In addition, Henson's injury and death did not occur in the course of his employment because he exceeded the scope of his employment duties. When an employee voluntarily "performs services outside the scope of his employment, [the employee] is not within the act while performing such services." Stepan v. J.C. Campbell Co., 228 Minn. 74, 77, 36 N.W.2d 401, 403 (1949). But when an employer directs or requests an employee "to perform some act outside the usual scope of his employment," an injury resulting from such action falls within the act. Weidenbach v. Miller, 237 Minn. 278, 292, 55 N.W.2d 289, 296 (1952). Under certain circumstances, an employee's response to an employer-related emergency may implicitly enlarge the scope of employment. Stringer v. Minn. Vikings Football Club, LLC, 705 N.W.2d 746, 761 (Minn. 2005).

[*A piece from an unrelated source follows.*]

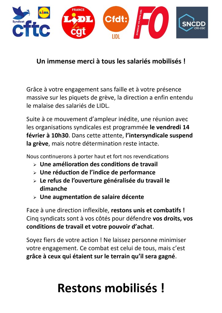 🔊 Il faut que notre message soit entendu au plus haut niveau afin que Lidl prenne enfin ses responsabilités et s’assoie à la table des négociations.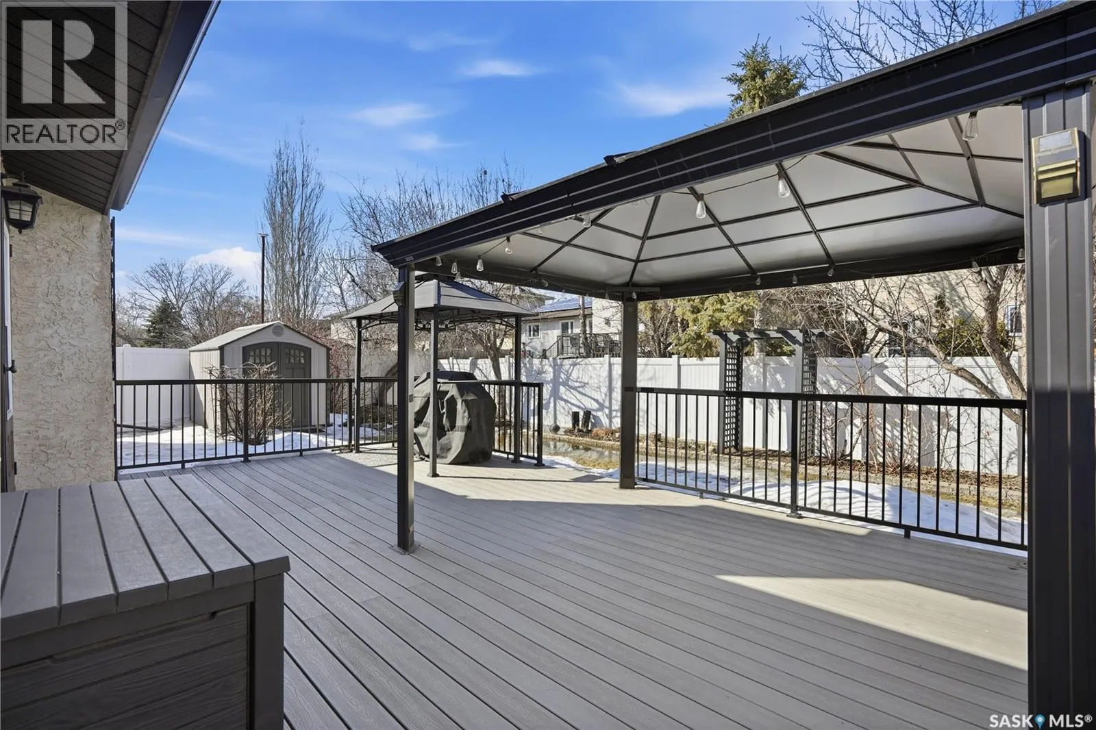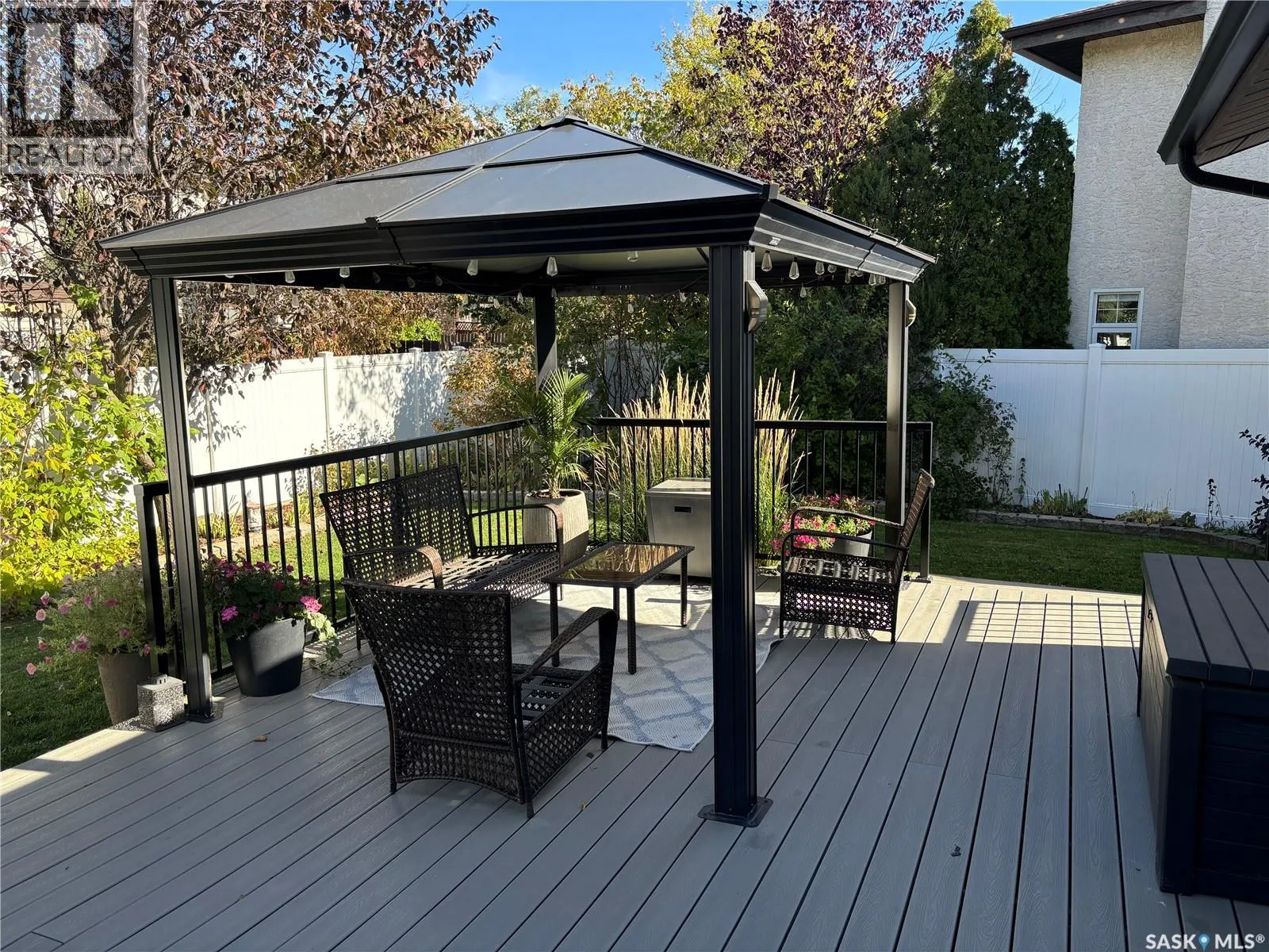 L:2 BL:22 PL:81R54051 Ext.0 Welcome to 2206 Mahony Cres. This beautiful bungalow is located in Reginaâs highly sought-after community of Gardiner Park. Built in 1982, this truly impeccable 1,587 sq ft home is sure to impress! Upon entry, the warmth of sunshine paired with neutral colors is relaxing & offers a peaceful energy throughout the stylish, exquisite home. The entry welcomes you into a lovely front living area with large south-facing windows & showcases rich hardwood flooring & an airy, light feel. A natural flow from one room to the next is seamless, & the classic dining area is both timeless & versatile. The kitchen is the heart of the home & this one is a true highlight offering great space, extensive cabinetry, granite, tiled backsplash, an abundance of drawers & cabinets, updated appliances, & modern eat-up island. The cozy family with a gas fireplace & direct access to the backyard is convenient & impressive. Completing the main floor is a tiled full bathroom with quartz sink, large laundry room with storage, & three generous-sized bedrooms with the primary bedroom featuring an elegant ensuite with tiled shower, marble flooring, barn door & more! The fully developed basement adds a tremendous amount of extra living space, with 2 bedrooms (1 bedroom doesn't have a closet), workshop area, den, storage, roughed-in-plumbing area for a future bathroom, & areas perfect to relax in. Step outside to a backyard retreat with a huge composite deck, gazebo, gas bbq hook up, a shed, & it is fully fenced with mature trees. Worth noting: kitchen ('18), front driveway ('21), shingles ('19), hi-eff furnace & AC ('18), flooring, added attic insulation to R50 ('21), gas fireplace ('18), alarm system ('19), refresh of paint, & more! Lastly, a double garage (20x21) completes the home. Location is ideal - close to a park, shopping, a school, & east-end amenities! In a fantastic location, with loads of upgrades, this truly move-in ready, modern bungalow is a rare find in a family-friendly area. As per the Sellerâs direction, all offers will be presented on 04/19/2026 2:00PM. (id:27476)

Weidenbach is instructive. In Weidenbach, an employee and his boss were driving along the shore of Lake Minnetonka when they spotted a person who had broken through the ice "floundering" in the water. 237 Minn. at 279, 55 N.W.2d at 289-90. The employer said, "We better stop," or something to that effect. Id. at 280, 55 N.W.2d at 290. The employee stopped the vehicle and ran out onto the ice to help the person but broke through the ice himself and died. Id. at 280-81, 55 N.W.2d at 290. In affirming the denial of workers' compensation benefits, our supreme court emphasized that "there was no express direction to the employee to go to the aid of the third person. At best, the employer inquired of the employee whether they should not do so." Id. at 292-93, 55 N.W.2d at 297.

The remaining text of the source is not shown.